EXTRACTED RECORDS Block Start

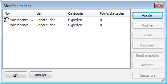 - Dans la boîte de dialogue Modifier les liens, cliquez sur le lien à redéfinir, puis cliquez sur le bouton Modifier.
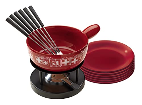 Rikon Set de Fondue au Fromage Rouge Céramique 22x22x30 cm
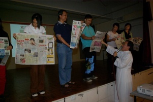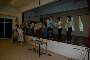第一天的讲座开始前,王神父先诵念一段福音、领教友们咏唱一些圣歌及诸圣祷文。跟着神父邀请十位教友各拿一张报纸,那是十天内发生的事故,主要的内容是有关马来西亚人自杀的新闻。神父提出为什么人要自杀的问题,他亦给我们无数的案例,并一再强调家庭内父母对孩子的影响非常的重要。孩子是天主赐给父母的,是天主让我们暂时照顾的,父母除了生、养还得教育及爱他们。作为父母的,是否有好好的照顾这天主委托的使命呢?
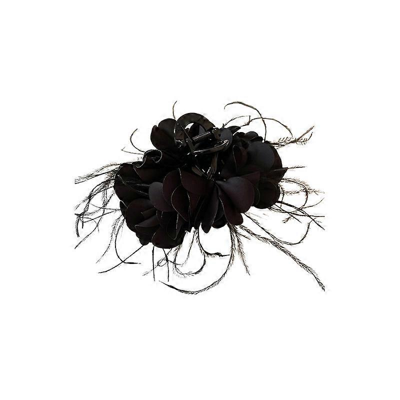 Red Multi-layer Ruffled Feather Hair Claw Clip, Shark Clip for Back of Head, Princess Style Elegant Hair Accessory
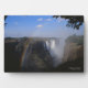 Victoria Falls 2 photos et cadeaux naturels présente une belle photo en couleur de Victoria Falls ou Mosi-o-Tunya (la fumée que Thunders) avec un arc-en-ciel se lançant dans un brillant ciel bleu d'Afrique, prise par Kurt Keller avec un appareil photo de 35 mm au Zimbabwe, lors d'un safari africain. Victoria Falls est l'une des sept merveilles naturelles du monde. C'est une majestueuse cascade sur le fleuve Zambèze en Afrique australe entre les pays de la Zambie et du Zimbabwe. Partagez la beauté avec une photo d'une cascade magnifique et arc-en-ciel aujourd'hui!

EXTRACTED RECORDS Block End

-- WHAT THE TASK REQUIRES --
Give back exactly the lines from the one that contains "第一天的讲座开始前,王神父先" to the final line of the data above, both included, with all pictures removed.

-- SOLUTION TO THIS EXERCISE --
第一天的讲座开始前,王神父先诵念一段福音、领教友们咏唱一些圣歌及诸圣祷文。跟着神父邀请十位教友各拿一张报纸,那是十天内发生的事故,主要的内容是有关马来西亚人自杀的新闻。神父提出为什么人要自杀的问题,他亦给我们无数的案例,并一再强调家庭内父母对孩子的影响非常的重要。孩子是天主赐给父母的,是天主让我们暂时照顾的,父母除了生、养还得教育及爱他们。作为父母的,是否有好好的照顾这天主委托的使命呢?
 Red Multi-layer Ruffled Feather Hair Claw Clip, Shark Clip for Back of Head, Princess Style Elegant Hair Accessory
 Victoria Falls 2 photos et cadeaux naturels présente une belle photo en couleur de Victoria Falls ou Mosi-o-Tunya (la fumée que Thunders) avec un arc-en-ciel se lançant dans un brillant ciel bleu d'Afrique, prise par Kurt Keller avec un appareil photo de 35 mm au Zimbabwe, lors d'un safari africain. Victoria Falls est l'une des sept merveilles naturelles du monde. C'est une majestueuse cascade sur le fleuve Zambèze en Afrique australe entre les pays de la Zambie et du Zimbabwe. Partagez la beauté avec une photo d'une cascade magnifique et arc-en-ciel aujourd'hui!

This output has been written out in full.